In China, it is quite common to have one-person hot pots with gel fuel when you order in hot pot, and those are actually very effective because you don’t need so much broth for one person. They look like this and although these are great options, do realize that you’ll need a new canister of gel fuel every time you have hotpot (so if you’re planning on having hotpot often, this is not the cheapest option!).

So, although we don’t really recommend the pots with gel liquids, they can be very ‘authentic’-looking and pretty, which can be great for parties or for presenting broths that are already cooked.

 

Induction Cooktop

 

Another option for preparing hot pot is using an induction burner, which is also easy to use, safe, and often quite powerful. They are usually more expensive than a multi-cooker; it could also be used as an extra cooking zone in the kitchen.

A popular option is the Duxtop 8100MC Cooktop Burner, which is priced at $54.99. You’d still need the right (induction compatible) pot to go with it. The Tayama Induction Cooker with cooking pot is priced at $46.99 and also gets good reviews.
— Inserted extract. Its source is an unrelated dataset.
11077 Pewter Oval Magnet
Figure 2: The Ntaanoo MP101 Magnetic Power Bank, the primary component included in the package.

A shabu shabu pot (one with a divider) that would work with this kind of induction cooker is this HCX 30 cm Dual Sided Hot Pot, priced at $29.00, but there are many other options to go with.

 

Electric Multi-Cookers

 

This is my favorite option: it is efficient, safe, and easier to clean than any other option. Also, simple electric multi-cookers are a perfect option because they are not expensive, regulate the heat, and as a bonus, they are a handy kitchen appliance that could also be used for preparing other dishes.

Common multi-cookers are not always sold as a hot pot per se, but they will do the job for an affordable price. The hotpot I like and use is of an unknown brand named ‘Tulip’, which is a common cooker priced at only $35 but is only available locally.
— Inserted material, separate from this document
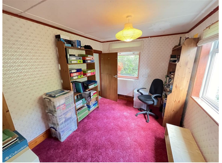
Radiator, rear and side windows
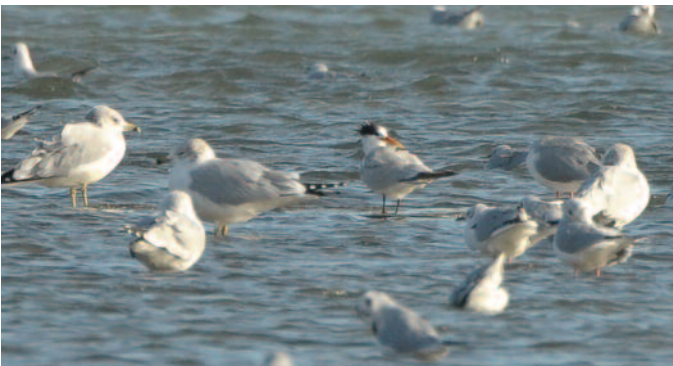
Figure 1. Elegant Tern first found off Beaver Island State Park, Grand Island, NY, on 20 November 2013.

The Aroma Houseware ‘Super Pot’, is very comparable, and is only priced at approximately $32. Besides slow cooking and simmering, it could also be used for grilling or steaming.

The Tayama brand also has some electric hotpot cookers available, prices starting at $51.53.

There are also some more expensive options, such as the large multi-functional electric skillet by Zojirushi ($93.19, image below), which is perfect for doing hotpot with multiple people due to its bigger size. It is also super versatile so is a perfect kitchen appliance.

If you prefer to have a hot pot with a separator, in order to serve a non-spicy and spicy broth, for example, there are also many options. The Sonya Shabu Shabu Electric Mongolian Hot Pot is also quite affordable ($66.99) and gets good reviews on Amazon.

There are many expensive hotpot cookers out there, and it is up to you how much you are willing to spend. Personally, I don’t think you’ll need to spend more than $80 to get a reliable and efficient cooker for your usual hotpot.